◆ AVAILABLE DATA:

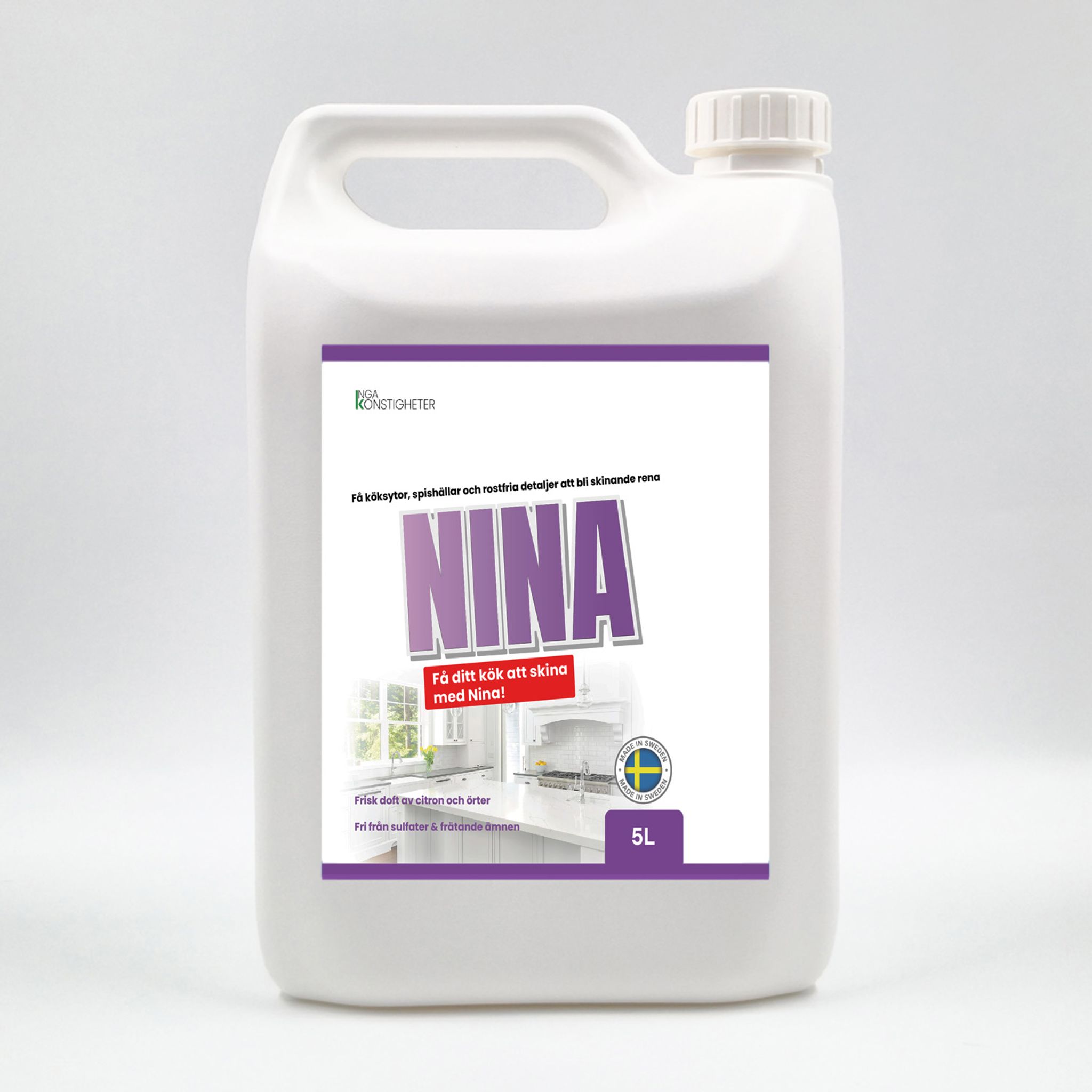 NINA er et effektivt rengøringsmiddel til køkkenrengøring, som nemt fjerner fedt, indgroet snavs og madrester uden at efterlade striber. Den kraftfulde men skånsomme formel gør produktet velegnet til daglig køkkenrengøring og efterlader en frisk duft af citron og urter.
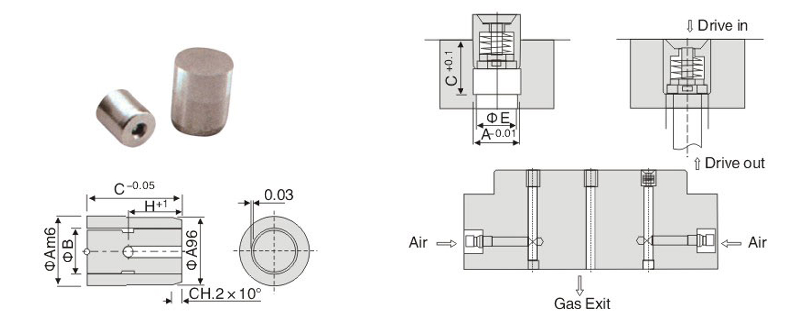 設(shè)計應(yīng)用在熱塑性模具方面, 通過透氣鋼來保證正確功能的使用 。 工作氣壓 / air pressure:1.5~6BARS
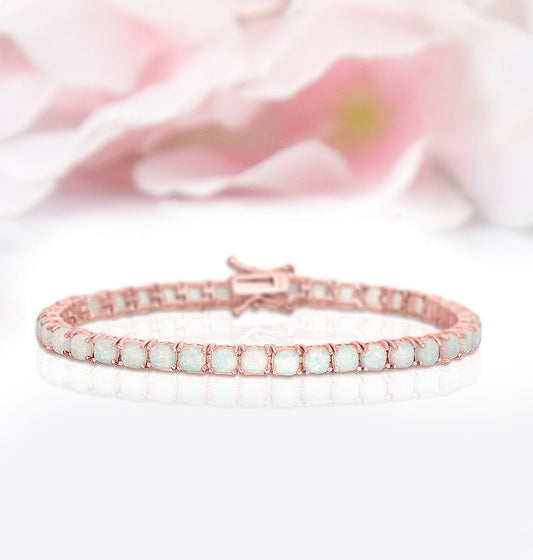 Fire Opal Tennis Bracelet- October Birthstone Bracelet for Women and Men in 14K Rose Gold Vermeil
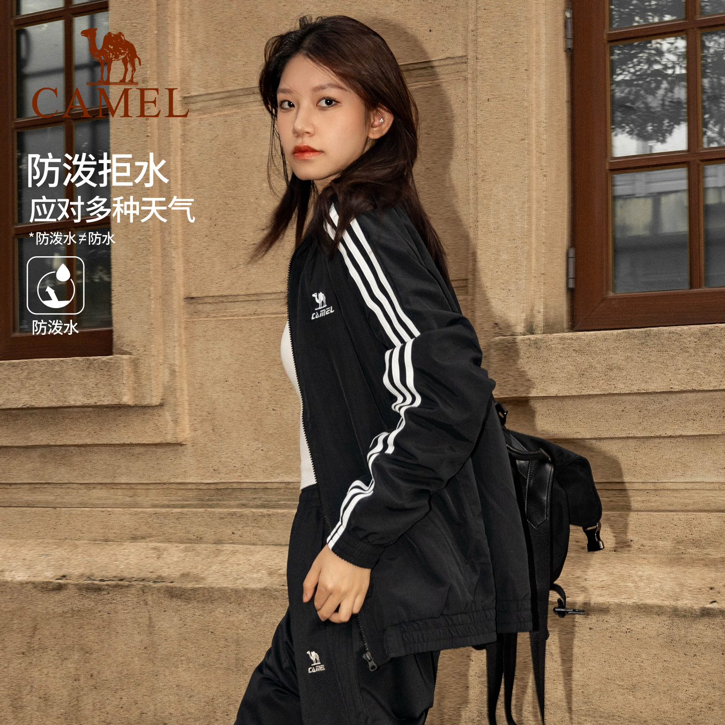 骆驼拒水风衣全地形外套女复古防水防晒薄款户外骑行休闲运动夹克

◆ YOUR TASK: With pictures excluded, output the listing above exactly as it stands.

◆ SOLUTION FOR THIS PROBLEM:
 NINA er et effektivt rengøringsmiddel til køkkenrengøring, som nemt fjerner fedt, indgroet snavs og madrester uden at efterlade striber. Den kraftfulde men skånsomme formel gør produktet velegnet til daglig køkkenrengøring og efterlader en frisk duft af citron og urter.
 設(shè)計應(yīng)用在熱塑性模具方面, 通過透氣鋼來保證正確功能的使用 。 工作氣壓 / air pressure:1.5~6BARS
 Fire Opal Tennis Bracelet- October Birthstone Bracelet for Women and Men in 14K Rose Gold Vermeil
 骆驼拒水风衣全地形外套女复古防水防晒薄款户外骑行休闲运动夹克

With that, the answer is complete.